Metabolic Cost, Mechanical Work, and Efficiency During Normal Walking in Obese and Normal-Weight Children

Abstract

Purpose: This study aimed to investigate the influence of childhood obesity on energetic cost during normal walking and to determine if obese children choose a walking strategy optimizing their gait pattern. Method: Sixteen obese children with no functional abnormalities were matched by age and gender with 16 normal-weight children. All participants were asked to walk along a nearly circular track 30 m in length at a self-selected speed. Spatiotemporal data, kinematics, and ground reaction force were collected during walking using a three-dimensional motion analysis system. Metabolic cost was collected by a portable gas analyzer simultaneously.

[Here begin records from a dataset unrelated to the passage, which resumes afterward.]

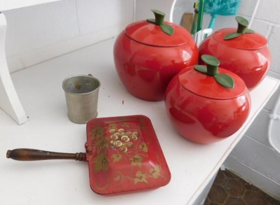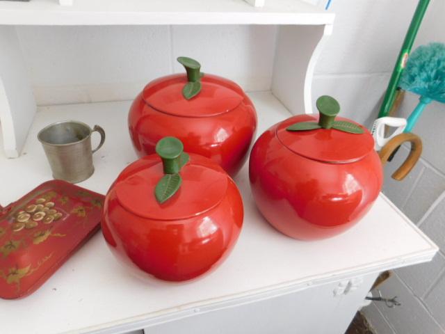 Vintage Collection Metal Apple Canisters and Bed Warmer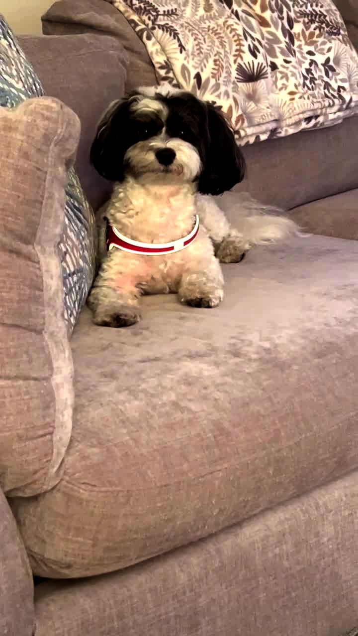 A woman gasps at her dog while he sleeps on a couch but jumps up when he hears her.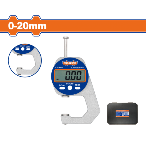 | 範圍:0-20mm 讀數:0.01mm 電池 3V 扁平測量頭 可測量布料、皮革、線、柔軟物體 任意位置公制/英制轉換 採用塑膠盒包裝 |
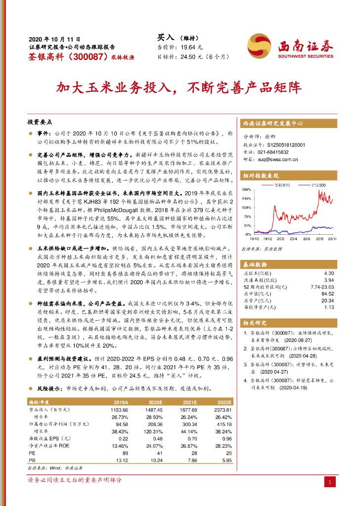 西南证券:荃银高科(300087)-加大玉米业务投入,不断完善产品矩阵.pdf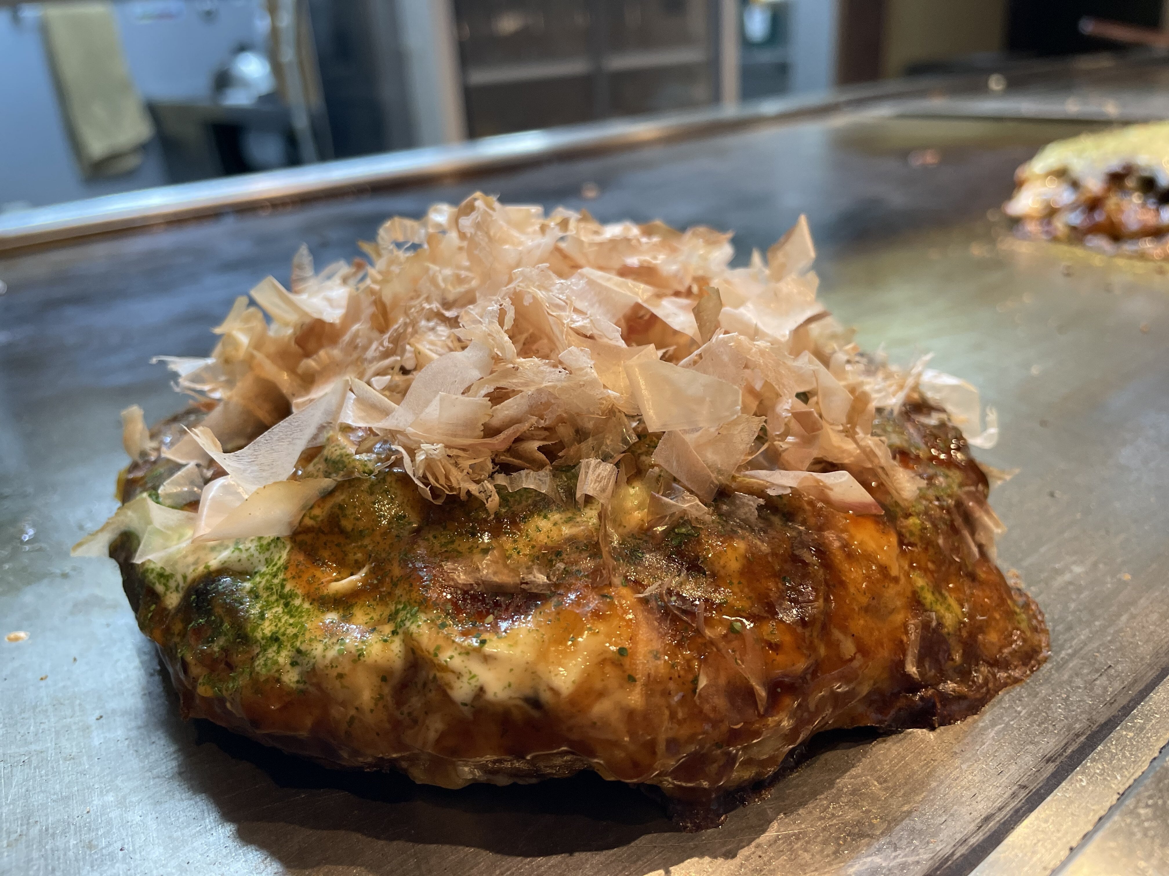 お好み焼きにしては端正な形。騙されないぞとひと口食べて、すぐさまふた口…今まで食べたものとは全く違う。確信しました。これは「粉もん」と呼んではいけないと。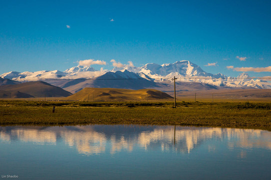 出镇的318国道,沿线有许多水潭,正好倒影着雪山,一路伴随到很远。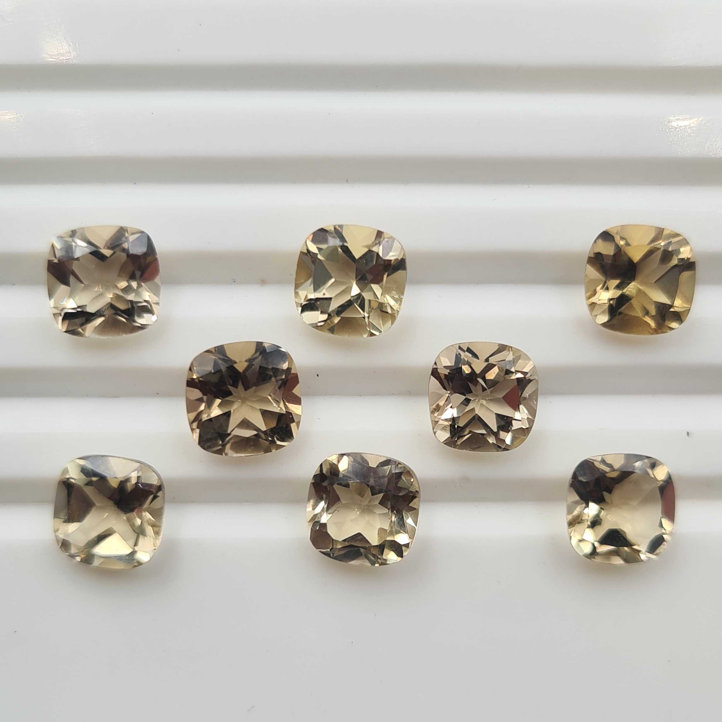 Home Quartz Natural Champagne Quartz Cushion Cut Loose Stone 9 Pcs 8 MM 18 CT

Results: The mechanical energy expenditure (MEE) was 72.7% higher in obese children than in normal-weight children. The net metabolic cost was 65.7% higher in obese children. No difference was found in the metabolic rate (J·kg− 1·m− 1), normalized MEE (J·kg− 1·m− 1) and mechanical efficiency between the obese and normal-weight groups. The obese children walked with a 0.15 m/s slower walking speed, 10.0% shorter cadence, and 30.9% longer double-support phase compared with normal-weight children. In addition, no differences were found in the mediolateral and vertical body center of mass displacement. Conclusion: Body mass played a dominant role in the total metabolic and mechanical cost per stride. Obese children may adopt a walking strategy to avoid an increase in the metabolic cost and the mechanical work required to move their excess body mass.